Mechanism involved in CRISPR/Cas9 technique
3.2 Applications of CRISPR in Medicinal Plants
CRISPR/Cas is a precise and efficient genome editing technique that improves the quality, infers pathways, and even upgrades valuable secondary metabolites. This technique is helpful in modulating the phytochemical profile of medicinal plants and even increases the production of plant-derived metabolites suitable for commercial purposes (Li et al. 2017). Genetic or metabolic engineering methods are used to manipulate the production of secondary metabolites obtained from plants because these methods are capable of changing a number of the genes involved in the biosynthetic pathway. Any uncertainty in the biosynthetic pathway is likely due to the alterations observed in the transcription level of the whole system. These alterations may change the plant’s regulatory system which in turn is found to control secondary metabolite productions in medicinal plants. Further, when the rate-limiting enzyme is overexpressed, there is a drastic change in the transcriptional level for the closely related secondary metabolite genes (Rehman Summia et al. 2021). Further, the applications of CRISPR/Cas for the production of secondary metabolites in medicinal plants are summarized (Fig. 3.2 and Table 3.1).

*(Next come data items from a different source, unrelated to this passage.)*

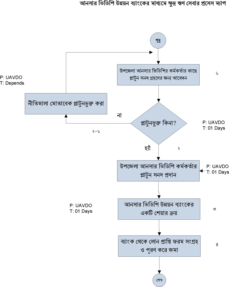 | ৬ | আনসার ভিডিপি উন্নয়ন ব্যাংকের মাধ্যমে ক্ষুদ্র ঋণ সেবার প্রসেস ম্যাপ | দেখুন | |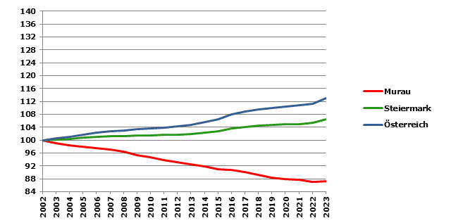 Zwischen 2002 und 2023 ist die Bevölkerungszahl (Statistik des Bevölkerungsstandes) im Bezirk Murau um 12,7% zurückgegangen (Steiermark: +6,5%, Österreich: +12,9%).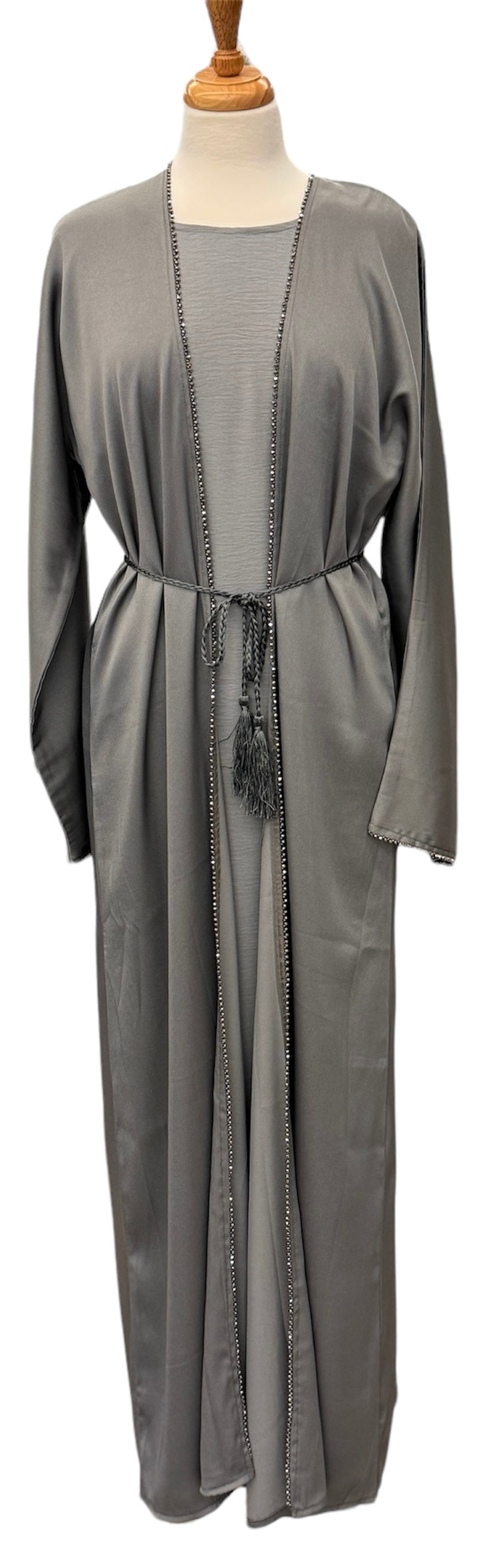 Elegant Satin Abaya Set | Two-Piece with Hijab & Belt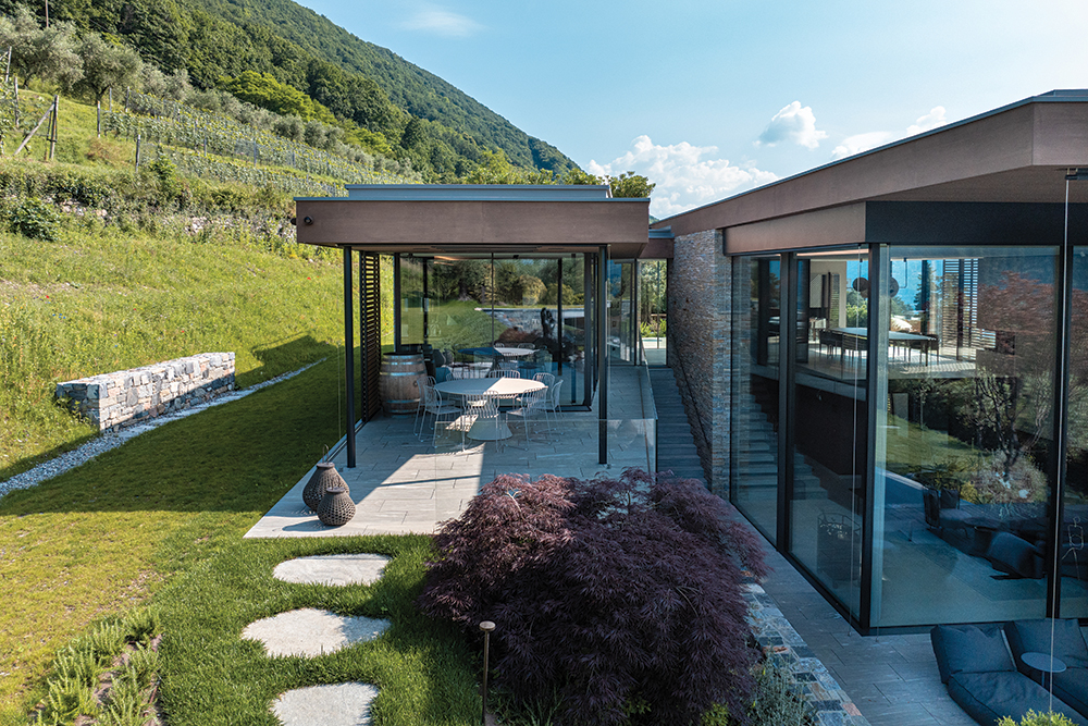 L’impermeabilizzazione dell’ipogeo abitato e della piscina di una villa che confina con un vigneto, incastonata nel terrazzamento che prosegue senza soluzione di continuità nella proprietà. Per aderire a questo movimento i volumi emergenti sono sfalsati di mezzo piano: due padiglioni trasparenti in sui di sviluppa la zona giorno.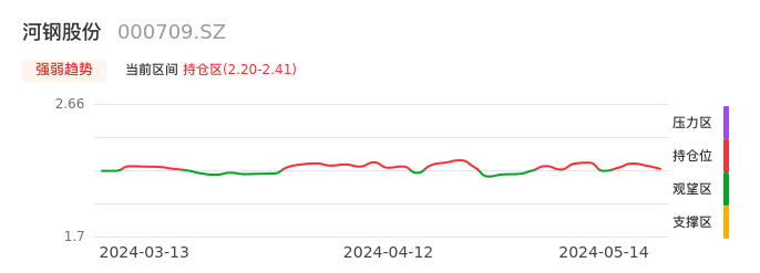 我们来看一下该股的九方特色指标强弱趋势的情况:河钢股份自05月09日从观望区上穿到持仓区。股价近期在多头区域回调整理。后续重点关注多空分界点的争夺:2.20元。如未能有效站稳则可能重新回到空头行情。
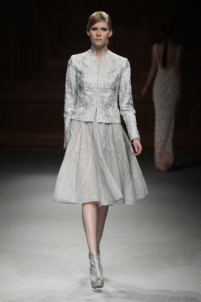 和Elie Saab絕對的柔美不一樣,Tony Ward的作品中透露出更多堅毅以及願意嘗試的個性,因此我們看到在主體輪廓的結構上有一些立體剪裁的設計,接著再搭配上精緻的刺繡、蕾絲、雪紡紗還有各式拼貼的水晶與珠墜。每一套都那麼好看(有些日裝是要把外套脫掉以後才看得出裡面小洋裝的精緻之處),推薦給大家。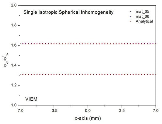 Figure 14 shows a comparison between the numerical results using the volume integral equation method (VIEM) and the analytical solutions [] for the normalized tensile stress component (σxx/σoxx) along the x-axis inside the isotropic spherical inhomogeneities with a radius of 7 mm under uniform remote tensile loading. The remote applied load was assumed to be σoxx = 150.0 GPa.
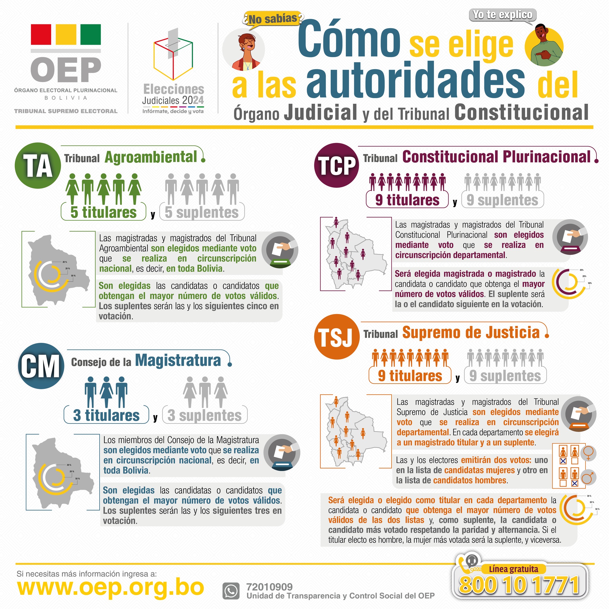 En consecuencia, sólo en Chuquisaca, La Paz, Oruro y Potosí se elegirán a las autoridades de las cuatro instancias: del Consejo de la Magistratura, del Tribunal Agroambiental, del Tribunal Supremo de Justicia y del Tribunal Constitucional Plurinacional.
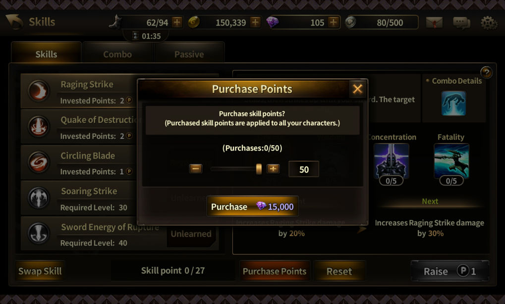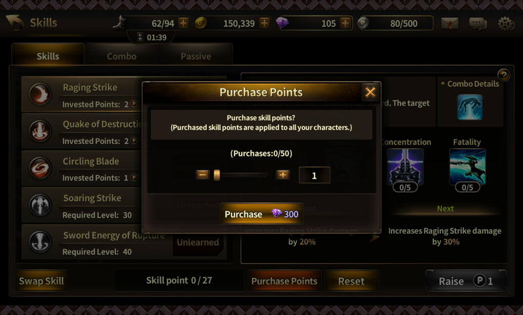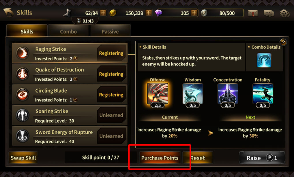 เข้ามาแล้วกดปุ่มซื้อ Skill Point ด้วยเพรช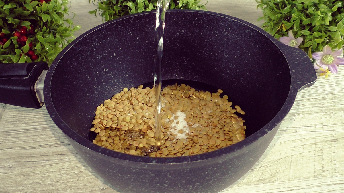 Подготовка данного блюда начинается с промывания 200 г зелёной чечевицы под холодной водой. Именно зелёная чечевица является одним из самых полезных представителей бобовых, недаром она славится высоким содержанием белка и клетчатки. Эти компоненты способствуют улучшению пищеварения и поддержанию нормального уровня сахара в крови, что делает чечевицу незаменимой для сбалансированного питания.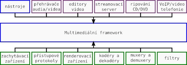 Před vlastním přehledem je nejprve nutné vysvětlit, co to vlastně multimediální framework je. Jedná se o soubor knihoven a nástrojů pro práci s multimediálními daty, nejčastěji videem a audiem. Na tento framework můžeme nahlížet z pohledu aplikace, která v sobě chce jeho služby využít. Aplikací může být třeba audio nebo video přehrávač, editor videa, streamovací server apod.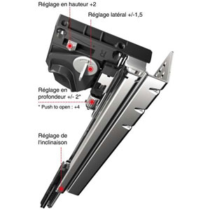 Coulisse invisible avec ouverture Push to Open.Il suffit d’exercer une légère pression pour ouvrir le tiroir.Le dispositif de blocage en position fermée empêche toute ouverture inopinée.4 réglages : Vertical, latéral, profondeur et inclinaisonRéglages sans outil.Ensemble comprenant :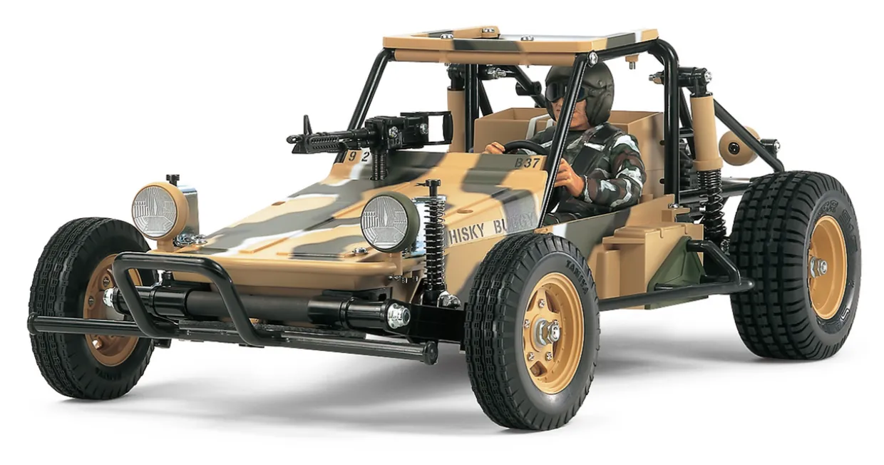This re-released version features improvements to meet the modern R/C standard while maintains the same basic chassis design as the original 1984 model. It also features a realistic body, roll cage, and a driver figure as well as equipment such as a machine gun, which can all be finished with plastic model paints. In addition, the black/white/olive drab camouflage pattern can be easily depicted with kit-included stickers. Semi-pneumatic grooved front and rear tires with block-pattern tread offer superb traction on off-road surfaces.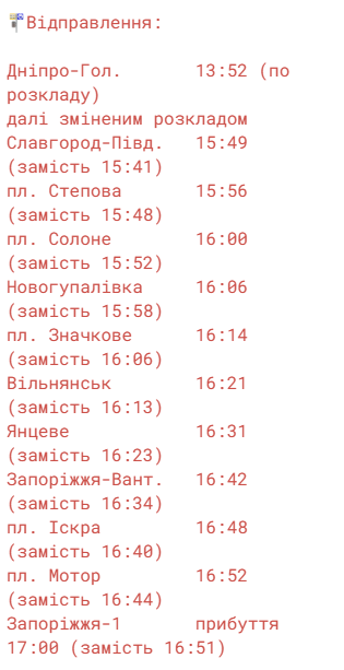 • Із Запоріжжя-1: відправлення о 19:20, прибуття до Дніпра о 21:45. Час у дорозі — 2 год. 25 хв.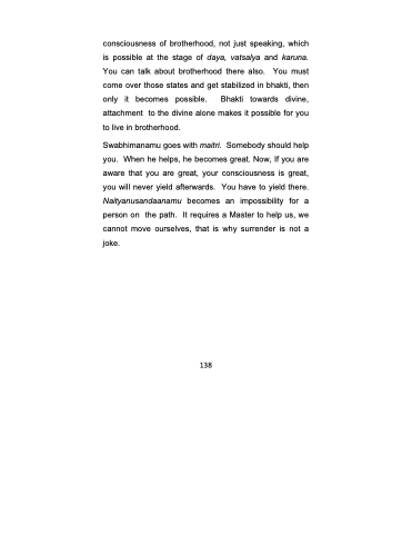 consciousness of brotherhood, not just speaking, which is possible at the stage of daya, vatsalya and karuna. You can talk about brotherhood there also. You must come over those states and get stabilized in bhakti, then only it becomes possible. Bhakti towards divine, attachment to the divine alone makes it possible for you to live in brotherhood.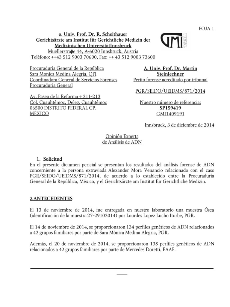 Dictamen de la Universidad de Innsbruck, Austria, sobre hallazgos en #Cocula #Guerrero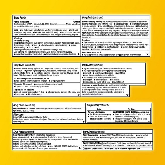 Active Ingredients: *Diclofenac Sodium (NSAID) (Equivalent to 0.93% Diclofenac) (1 %), Arthritis Pain Reliever. Inactive Ingredients: Carbomer Homopolymer Type C, Cocoyl Caprylocaprate, Isopropyl Alco…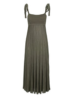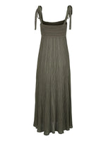 Side view of the Wanderlust Metallic Maxi Dress in Metallic Olive, emphasizing the styling of the pleated design and self-tie straps.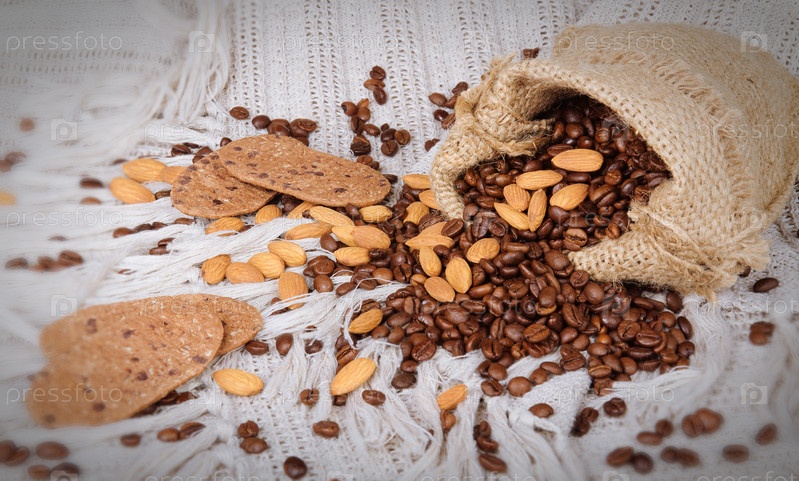 Мешок с кофейными зернами, миндаль и печенье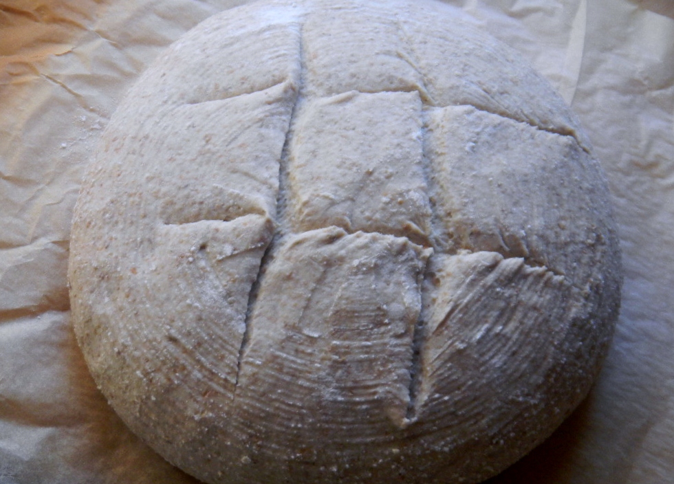 Once the gluten was developed we took of 73 g of dough to use as old dough for a pizza on Friday.  After a 30 minute rest we formed the dough into boule and then 10 minutes later did a final shape on it and placed it in a rice floured basket – seam side up.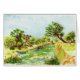 Flussufer-Campingplatz - diese Aquarellmalerei stellt einen Zeltcampingplatz entlang dem Fluss dar. Ein Boot wird nahe dem Campingplatz angekoppelt und die gegenüberliegende Seite der Flussshows, die ein Reifenschwingen von einem großen Baum aufreihte, der den Fluss überhängt. Gedruckt von einer ursprünglichen Kunstmalerei auf Papier durch JC Prida.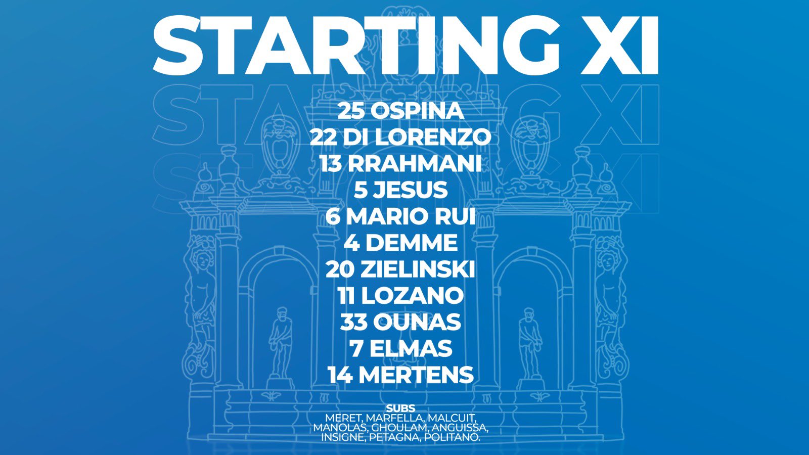 Napoli: Ospina; Di Lorenzo, Rrahmani, Jesus, Rui; Demme, Zielinski; Politano, Elmas, Ounas; Mertens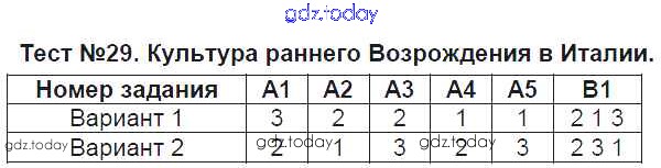 Ответы к Решение к тестам Тест №29. Культура раннего Возрождения в Италии Контрольно-измерительным материалам (КИМ) по Истории для 6 класса Чернова Экзамен 2015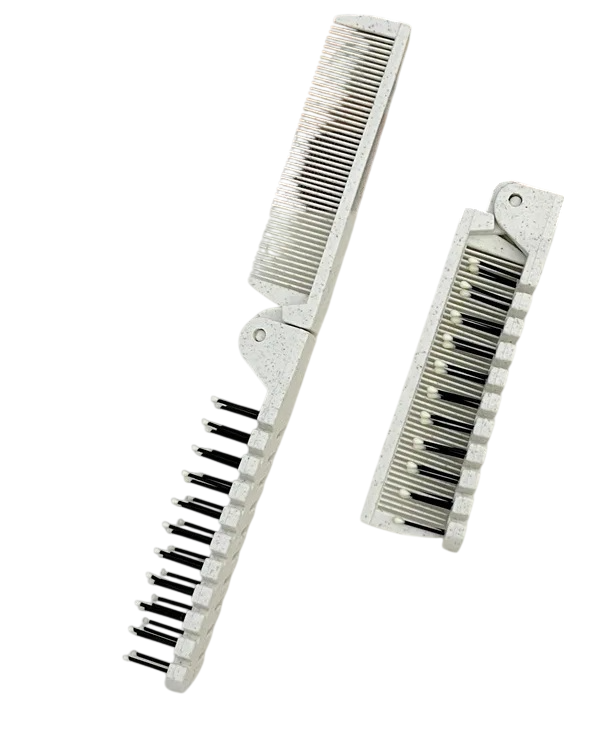 Praktisk sammenfoldelig kam 2i1 er den ideelle hjælper til daglig hårpleje derhjemme og på farten. Takket være de kompakte dimensioner passer den nemt i en taske, rygsæk eller lomme, så du altid kan have den ved hånden. Når den er udfoldet, tilbyder den en fuld længde til behagelig børstning og styling af frisuren. Den specielle konstruktion er designet til at være let, holdbar og velegnet til regelmæssig brug.

Summary of CRISPR/Cas9 technology in medicinal plants for developing various secondary metabolites
3.2.1 Atropa belladonna
Atropa belladonna L. is one of the most important herbal plants with anisodamine, scopolamine, hyoscyamine, and atropine metabolites. Zeng et al. (2021) developed A. belladonna plants for the first time devoid of anisodamine and scopolamine utilizing the CRISPR/Cas9 technology to disrupt hyoscyamine 6-hydroxylase (AbH6H). It was observed that out of 11 transgenic plants, only 4 plants exhibited mutation and the mutation rate was approximately 63.6%. Thus, hyoscyamine synthesis was considerably increased in the A. belladonna plants, but neither anisodamine nor scopolamine was produced. Hasebe et al. (2021) claimed that the disruption of pyrrolidine ketide synthase (PYKs) reduces the accumulation of tropane alkaloids in A. belladonna using CRISPR/Cas 9 technology.
3.2.2 Cannabis sativa
Cannabis sativa is an annual and dioecious crop. Since it is enriched with phytocannabinoids, the demand for this plant is substantially increasing. Zhang et al. (2021) edited the phytoene desaturase (CsPDS1), a well-linked marker gene, in C. sativus using the CRISPR/Cas9 technology. Further, they developed four transgenic plants with albino phenotype by using Agrobacterium-mediated transformation system.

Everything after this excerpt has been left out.